● What you need to do:
After finding "美俄元首会晤在即,欧洲六国领" in a line below, print that line and the rest of the lines exactly, leaving out all pictures.

══ Records supplied ══

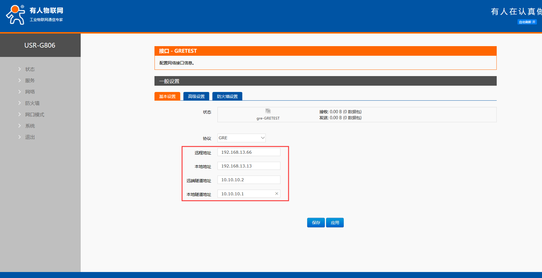 遠程地址:對端GRE的WAN口IP地址
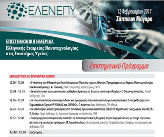 Η ΕΛΕΝΕΠΥ (Ελληνική Εταιρία Νανοτεχνολογίας Επιστημών Υγείας) έχει ένα πολύ πλούσιο και σημαντικό πρόγραμμα παρουσιάσεων την Κυριακή 12 Φεβρουαρίου 10.00 – 14.00.
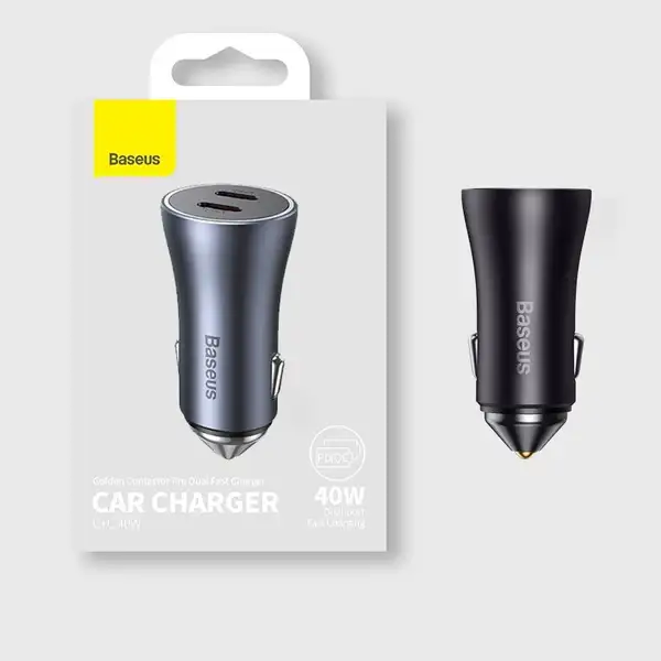 شارژر فندکی فست شارژ 40 وات بیسوس مدل Baseus Golden Contactor Pro Type-C/USB TZCCJD-0G
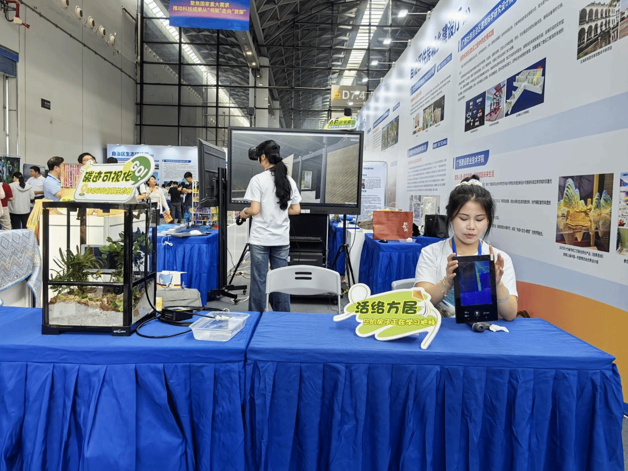 首页本次参展项目,紧密围绕服务地方文化与科技融合发展的需求,立体呈现了学院在非遗数字化保护传承、元宇宙概念应用、生成式AI人居健康开发及零碳科技等前沿方向的研究探索与实践成果。项目以沉浸式科普体验为核心,通过四个主题与观众开展科普互动:活络方居:您的房子正在学习把脉——展示AI如何理解并优化居住健康;碳迹可视化:呼吸间的智慧生态圈——呈现零碳科技与智能家居的结合;AR元宇宙:推开壮乡民居的任意门——通过AR技术让观众瞬间“进入”传统壮乡生活空间;非遗方程式:传统³×科技ⁿ=∞可能——生动表达传统技艺与科技创新融合产生的巨大能量与无限可能。
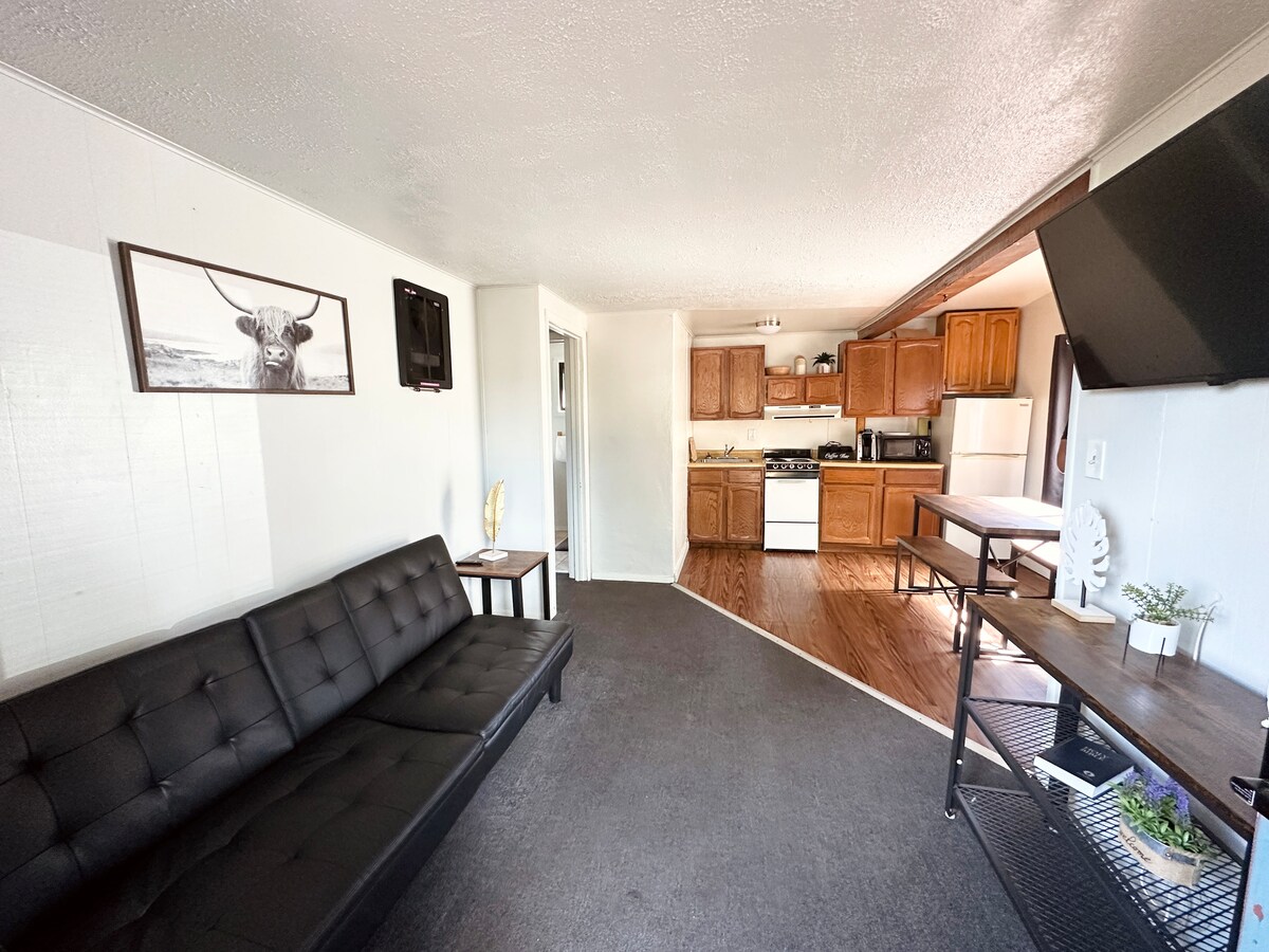 It includes a bedroom, living room with futon, and a full kitchen—great for couples or small groups. Enjoy Wi-Fi, self-check-in, and free parking. We're dog-friendly and just minutes from Garden of the Gods, hiking, fishing, and downtown shops.
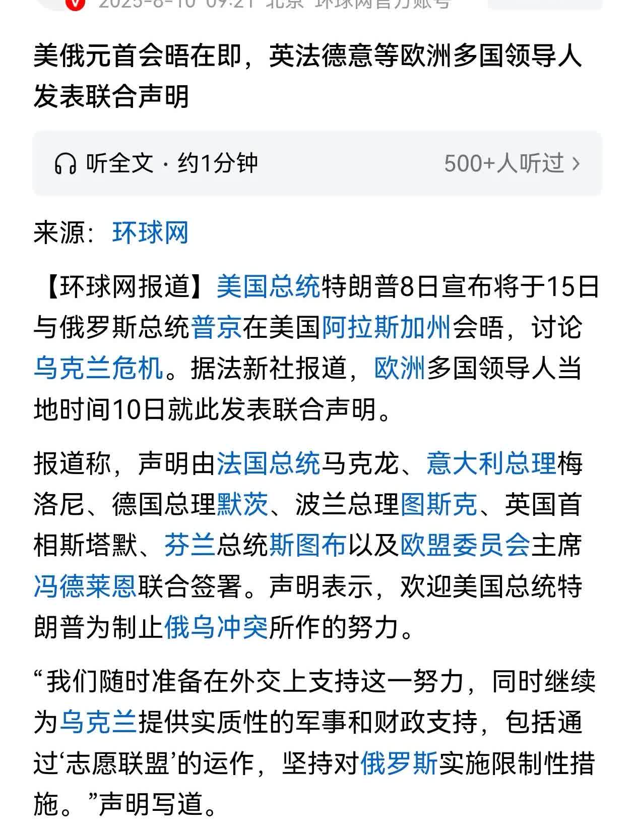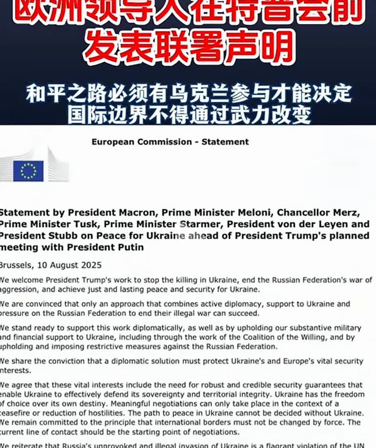 美俄元首会晤在即,欧洲六国领导人今天(8月10日)发表联合声明,声明由马克龙、斯
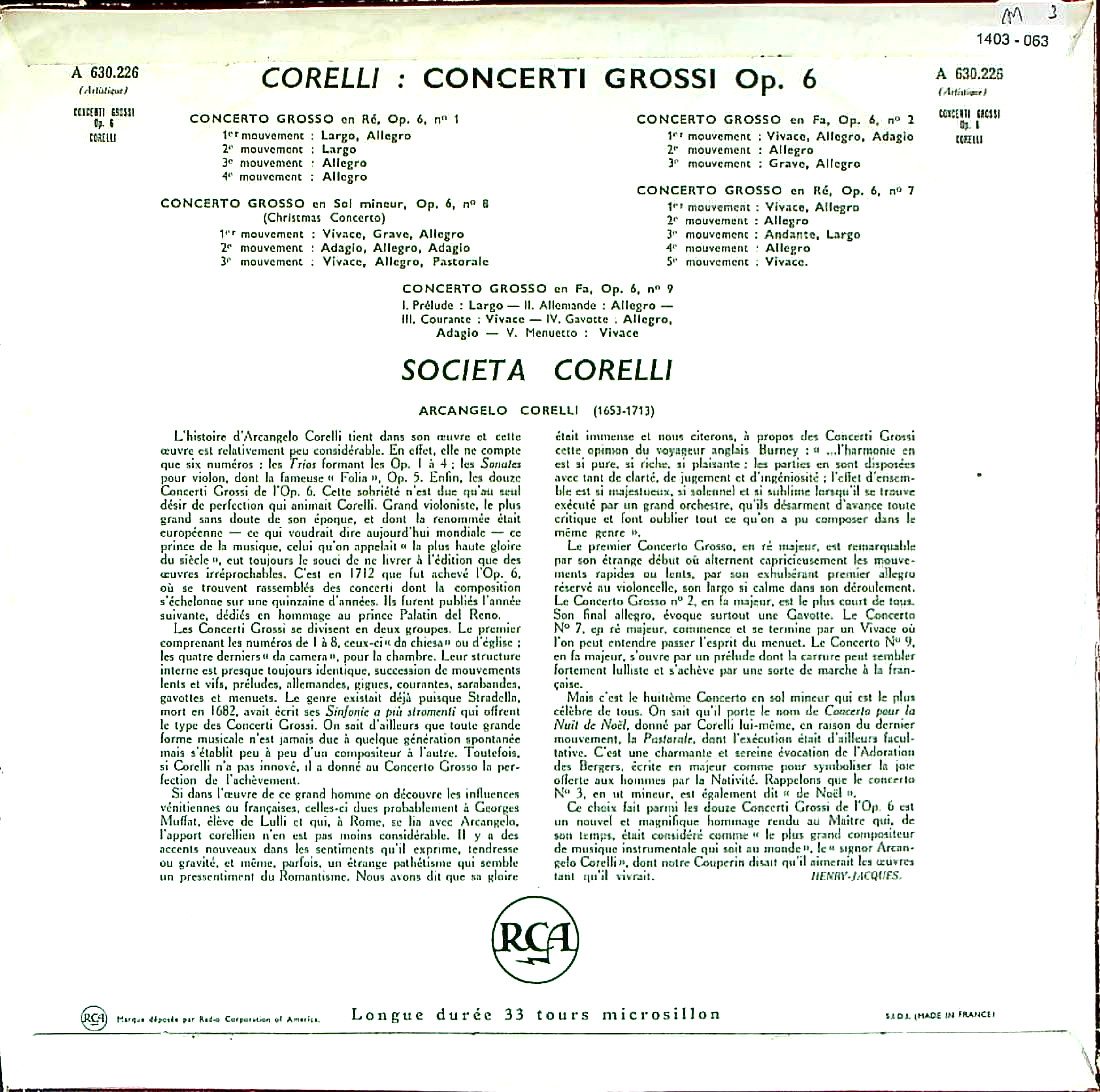 商品コード:1403-063[RCA] ソチエタ・コレッリ合奏団 / コレッリ:合奏協奏曲Op.6(全12曲/抜粋5曲)/第1番&2番, 7~9番
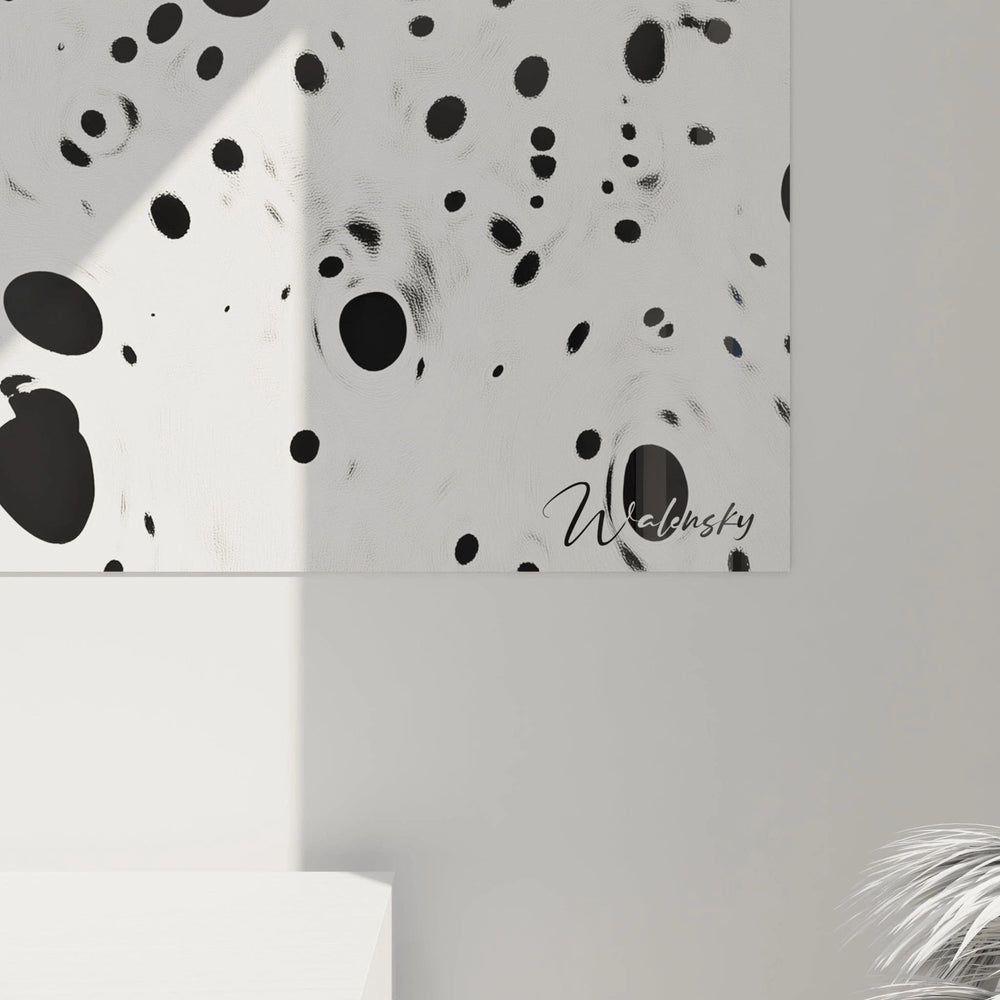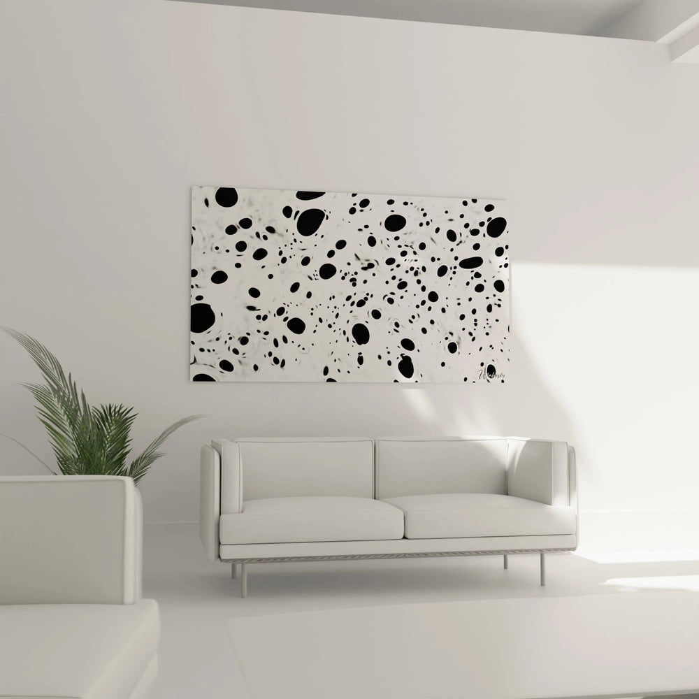 Lorsque vos yeux se posent sur ce tableau, ils découvrent un ballet délicat de tâches, harmonieuses et profondément contrastées. La pureté du noir et blanc invite votre esprit à déceler la profondeur cachée derrière cette apparente simplicité. Vous pouvez presque sentir le rythme lent et régulier des éclats de lumière, donnant vie à une composition qui évolue au gré des jeux d’ombre et de lumière de votre pièce.

═══

● Finished exercise:
 美俄元首会晤在即,欧洲六国领导人今天(8月10日)发表联合声明,声明由马克龙、斯
 商品コード:1403-063[RCA] ソチエタ・コレッリ合奏団 / コレッリ:合奏協奏曲Op.6(全12曲/抜粋5曲)/第1番&2番, 7~9番
 Lorsque vos yeux se posent sur ce tableau, ils découvrent un ballet délicat de tâches, harmonieuses et profondément contrastées. La pureté du noir et blanc invite votre esprit à déceler la profondeur cachée derrière cette apparente simplicité. Vous pouvez presque sentir le rythme lent et régulier des éclats de lumière, donnant vie à une composition qui évolue au gré des jeux d’ombre et de lumière de votre pièce.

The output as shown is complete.